Supposedly, many cases of cording spontaneously resolve, and I know that my Frankenarm (as I not-so-affectionately call it) has gotten a lot better pretty much on it's own (I've only been to 1 PT session due to the holidays & other wound complications). And my cording, pain, and range of motion was REALLY bad. I couldn't even straighten my arm for over a month. And I seriously considered throwing a party when I could actually shave my underarm on that side. So even if it's bad now, it can get better.

I think the key is to give your body a rest and allow the inflammation to heal.

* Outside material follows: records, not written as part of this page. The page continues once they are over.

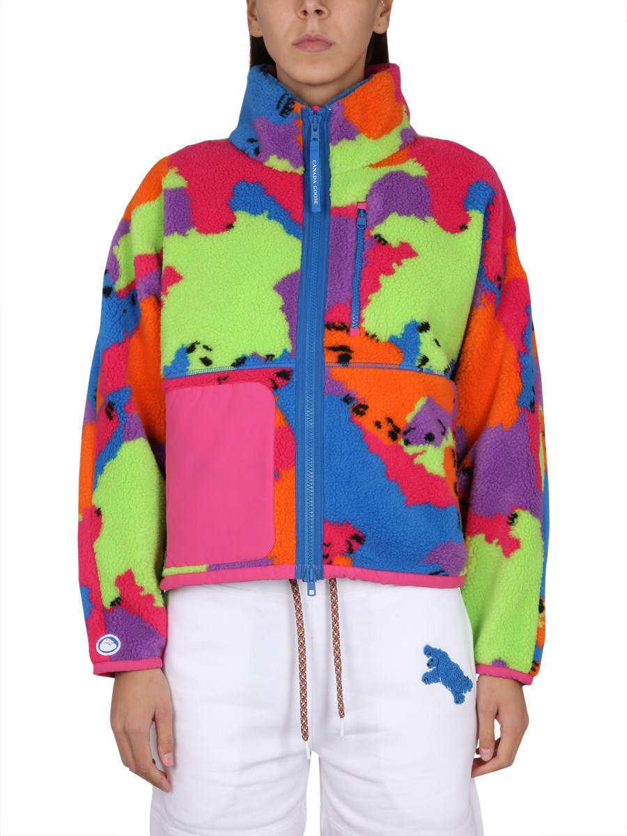 Crafted with Wool High Pile Fleece—the Paola Pivi Fleece features a dropped shoulder, tall collar, pop colour trims, dolman sleeves and an adjustable, cinchable waist cord at the bottom hem. A portion of the proceeds are donated to Polar Bears International (PBI) Research Center.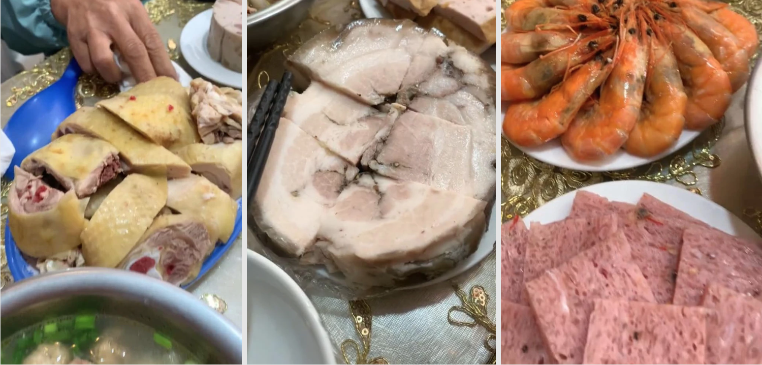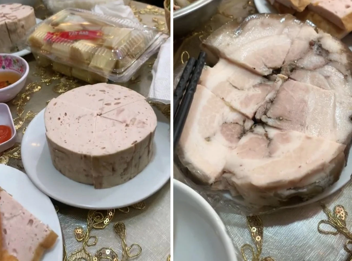 Theo quan sát, mâm cỗ này có tới 4 đĩa giò chả, trong đó gồm có 2 đĩa giò lụa, 1 đĩa chả mỡ và 1 đĩa giò thủ. Thông thường, các mâm cỗ phổ biến thường chỉ có từ 1 - 2 đĩa giò chả, bởi vậy mà với sự góp mặt của tận 4 đĩa giò chả như vậy đã khiến cho các cư dân mạng tò mò và vô cùng thích thú.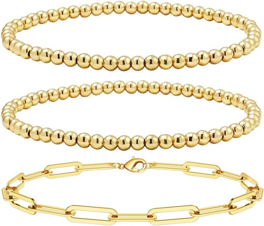 Reoxvo 14k Gold Plated Charm Bangle Cuff Bracelet Set for Women Stack Non Tarnish Gold Beaded Paperclip Chain Link Bracelets Jewelry Gifts for Women Trendy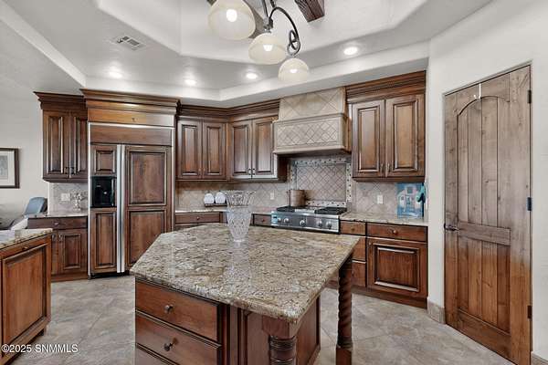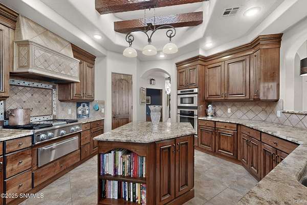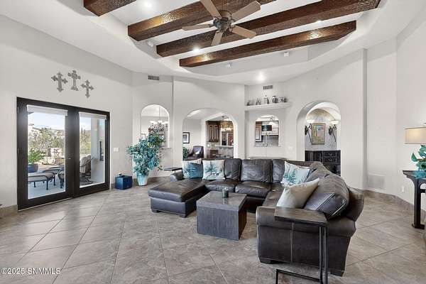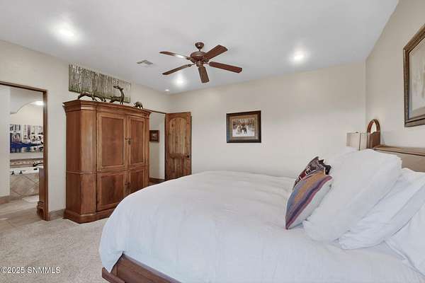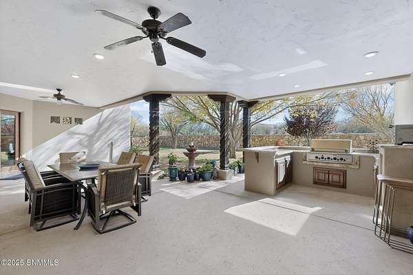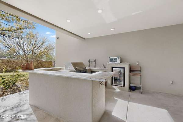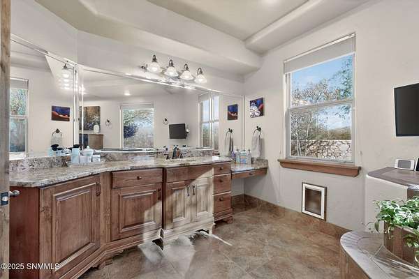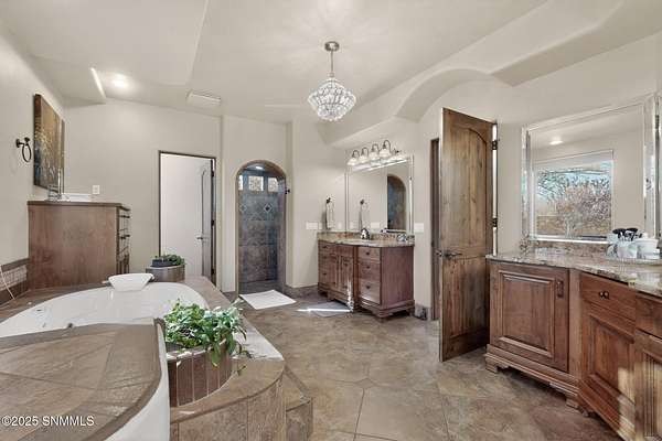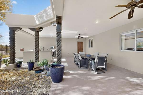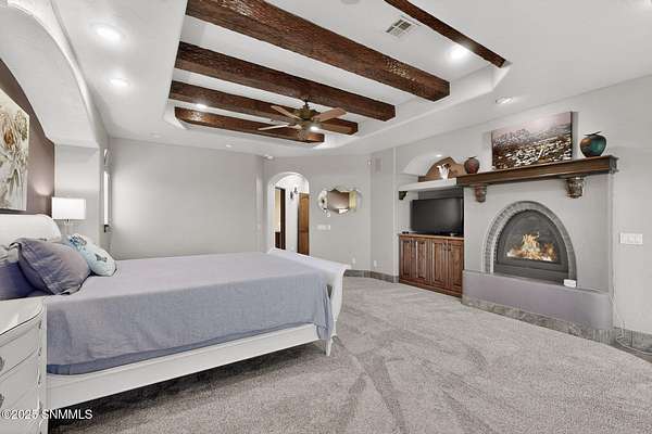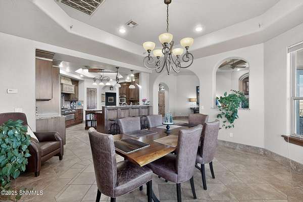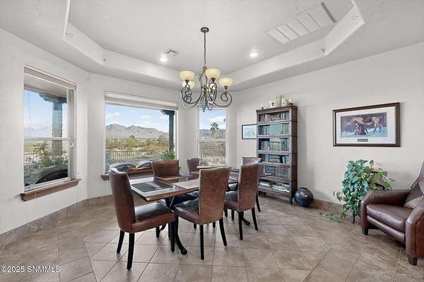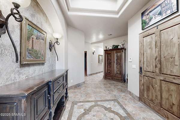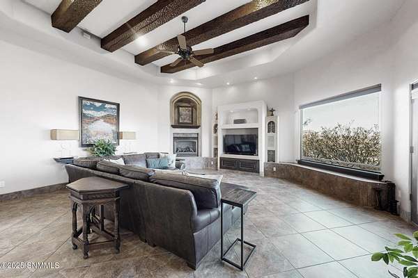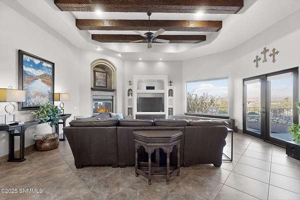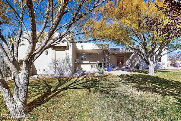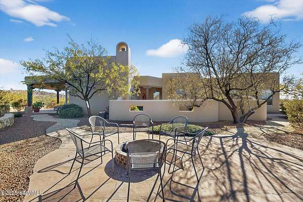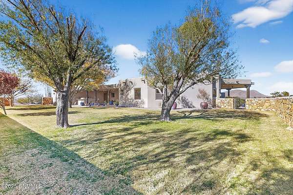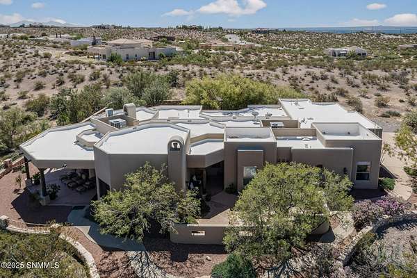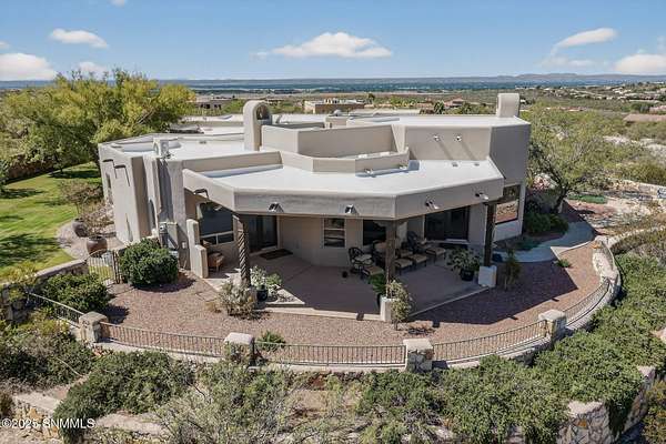 Gorgeous views!! Nestled within the prestigious gated enclave of La Tierra Escondida, this exceptional custom residence epitomizes refined Southwest luxury. Set on an expansive 1.91-acre, the 3,581 sq. ft. masterpiece is perfectly positioned to capture sweeping Organ Mountain panoramas and sparkling city-light views. Thoughtfully designed with 4 bedrooms and 2.5 baths, the home offers a sophisticated, flexible layout in which the fourth bedroom may serve as an elegant office or library. The gourmet kitchen is a culinary showpiece, complete with a center island, premium appliances, and abundant prep and storage space--ideal for everyday living and elevated entertaining. The grand living room showcases exquisite craftsmanship, featuring a stately fireplace, functional bancos, all framed within a spacious open-concept design. The serene primary suite offers its own fireplace, and a spa-inspired bath. Completing this property is an oversized three-car garage accompanied by a dedicated attached storage room.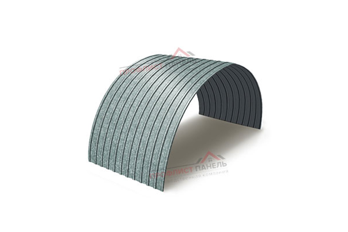 Обозначение ПГ в маркировке означает продольно гнутый профиль, то есть арочное исполнение профнастила. Такой лист применяют в криволинейных покрытиях, навесах, укрытиях и других конструкциях, где важна работа по радиусу. Маркировка не относится к сэндвич-панели: утеплитель в составе не предусмотрен, материал работает как однослойная облицовка или ограждение. Цинковое покрытие работает как базовая защита металла и обычно применяется там, где цветовая спецификация не является определяющей. В конструктивной схеме лист работает как тонкостенный холодногнутый элемент.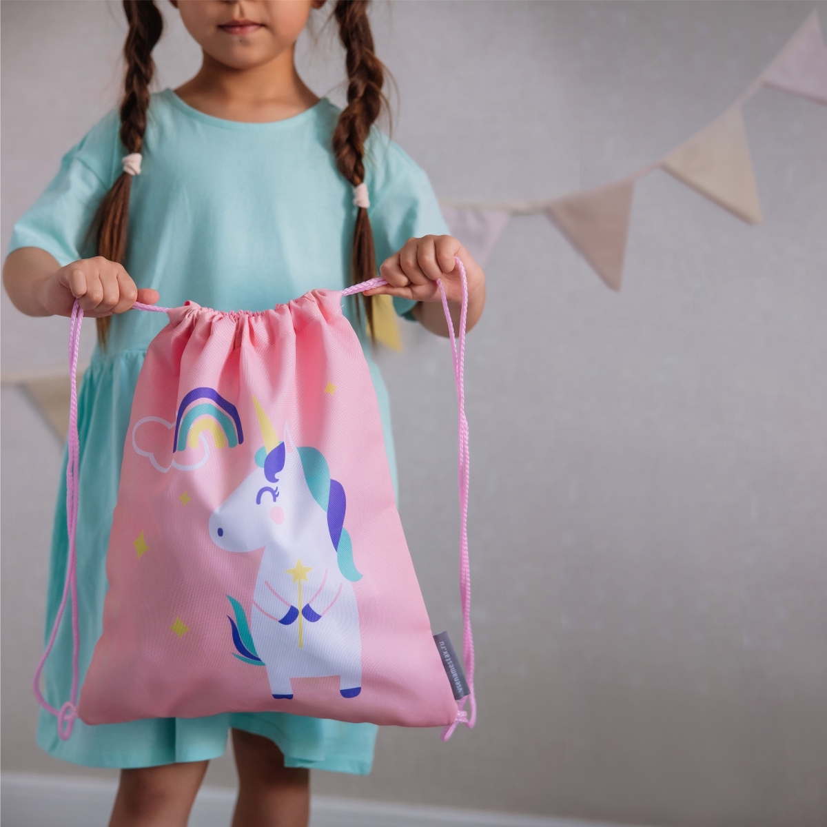 Набор для детского сада: кармашек, коврик, мешок. Единорог розовый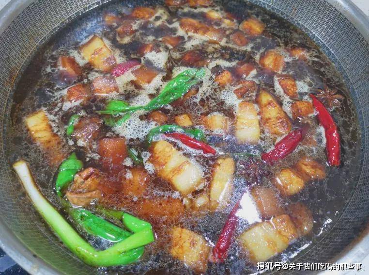 五花肉、香蔥、生薑、幹辣椒、八角、桂皮、菜籽油、冰糖、老抽、食鹽、生抽、料酒。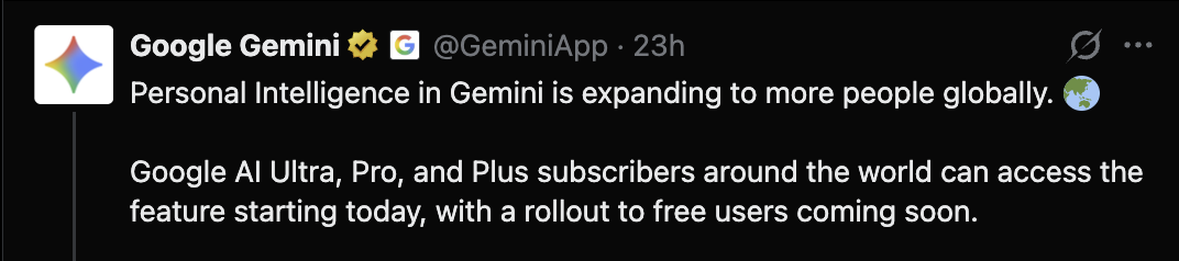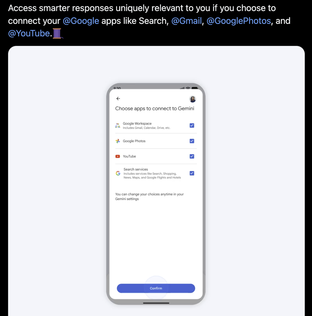 הפער הזה הפך את העוזרים הווירטואליים לכלים מרשימים אך מוגבלים, טובים בידע אך לא בהקשר, יעילים בהסברים אבל לא מכירים אתכם טוב מספיק. Personal Intelligence נועד לגשר על הפער הזה ולהוסיף ל-Gemini יכולת להבין את המשתמש דרך המידע האישי שכבר קיים בחשבון שלו, כך שהעוזר יכול לפעול מתוך תמונה רחבה ומדויקת יותר של המשתמש שמולו.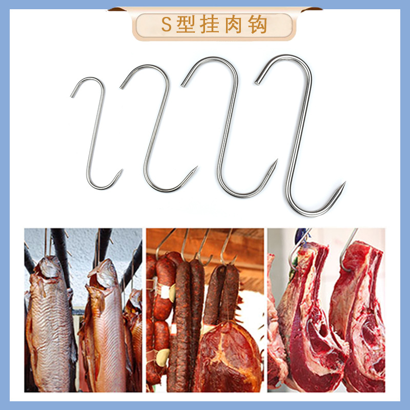 S型は肉のフックのステンレスを掛けて太くします。s型は豚肉の牛肉のフックを掛けます。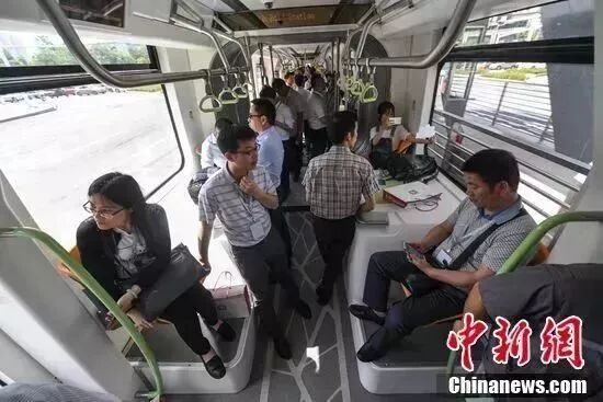 ?載量超大:三節(jié)編組智軌列車(chē)最大載客人數(shù)307人,比BRT100人的運(yùn)量大,比地鐵500人以上要少。
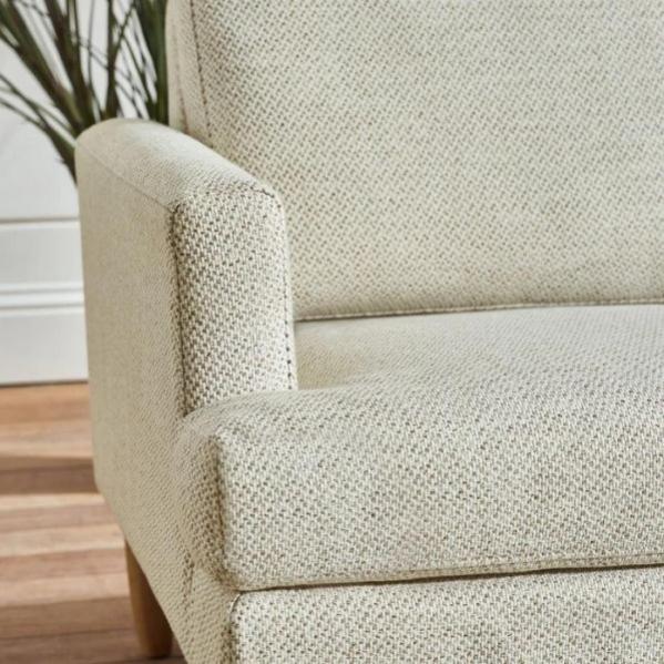 Description: Add a sense of calm and character to your living space with this compact 2 seater sofa in Pearl Barley. Upholstered in soft beige chenille fabric with a subtle woven texture, it delivers a cosy and supportive seat with understated warmth. The clean lines, gently curved arms, and raised wooden effect legs give this small couch a timeless and airy look, effortlessly suiting both classic and contemporary interiors.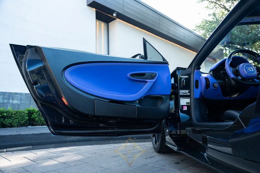 2020 Bugatti Chiron presented by Bugatti Houston. Grey Carbon and Lorelin with Indigo, Violet and Carbon Fiber interior, this Chiron features the Sky View Glass Roof, Caractere Wheels in Lorelin with Jaune Molsheim Wheel Caps and Brake Calipers, Horseshoe Grille and Engine Cover in Lorelin, Rear Wing Underside and Rear EB Logo in Jaune Molsheim, Rear Wing Mechanics in Black Anodized, Exhaust Deflector in Black Coated Finish, Rear Light Trim Painted in Nocturne, Trim Parts and Writing in Nocturne with Painted Jaune Accents, Trim Part Rear Light in Nocturne, Full Leather and Carbon Fiber Interior Finish, Comfort Seats, Trim Parts in Black Anodized, Inner Signature Line in Violet, and Rear View Mirror in Violet.Our Ceramic Coating Package has been applied to this vehicle to aid in protecting it against harmful environmental contaminants and extending the new car shine.The Post Oak Collection, a Post Oak Motor Cars company, is home to Bentley, Bugatti, Karma and Rolls-Royce Motor Cars Houston. Post Oak Motors is a lifestyle! We are headquartered in the elite Post Oak Complex in Uptown Houston, complete with elegant accommodations, high-end fashion, fine dining, luxury spa, and other sophisticated amenities. The Post Oak Collection The Woodlands is now open at the corner of Lake Robbins Drive and Woodloch Ct.Our dealership features a state-of-the-art service center, parts, and accessories boutiques along with Certified Brand Representatives that can assist you with any questions you may have about financing options, including Bitcoin and pricing details for this vehicle. Our team can also assist you with enclosed transportation and valuing your trade-in. Give us a call or simply come by the dealership for a test drive.

Fightingirl!!! Sorry to see you here as well as in the Jan group, but glad I can give you some thoughts on my experience. I had cording from my armpit down my arm almost from day one after my lupecomy in Dec, as well as some very severe nerve pain along my upper lat. My surgeon put me into PT with a lymphodema PT (trained just for this type of thing) and it was so very helpful.... cording is caused by the swelling, so lymphodema massage and exercises as well as massage of the cord itself made a huge difference over the month between my surgieries. She also gave me small exercises I could do at home to slowly work the cord and gain mobility. The cord was nearly eliminated before I went into second surgery and my mobility is so much better. I will also admit that a friend shared a joint with me one afternoon, and that had a very noticilble and positive impact on the cord . When I mentioned it to my PT she said that was not surprising, as the relaxing properties of cannibus often have that effect. It is a terrible thing to have to deal with given everything else; but it is something that a little attention can correct so there is good news ahead. Good luck-- push for a properly tra

dcbc, I'm going to call my surgeon today to see if she can recommend PT. Also, I will totally try the pot...would never have thought of that...been on the anxiety medicines since surgery and pain pills right after so have not been wanting to put anything else in my system but curious to see if it works. Thank you for the advice!

lisabekind, so sorry...this cording pain stinks!! Mine is definitely not numb...it was right after surgery for a few days but now I just have pain when I move my arm certain ways. Getting clothes over my head is tricky! I have pain from my armpit to my elbow that is actually very tender to the touch rather than numb. Hopefully it goes away soon for bot of us!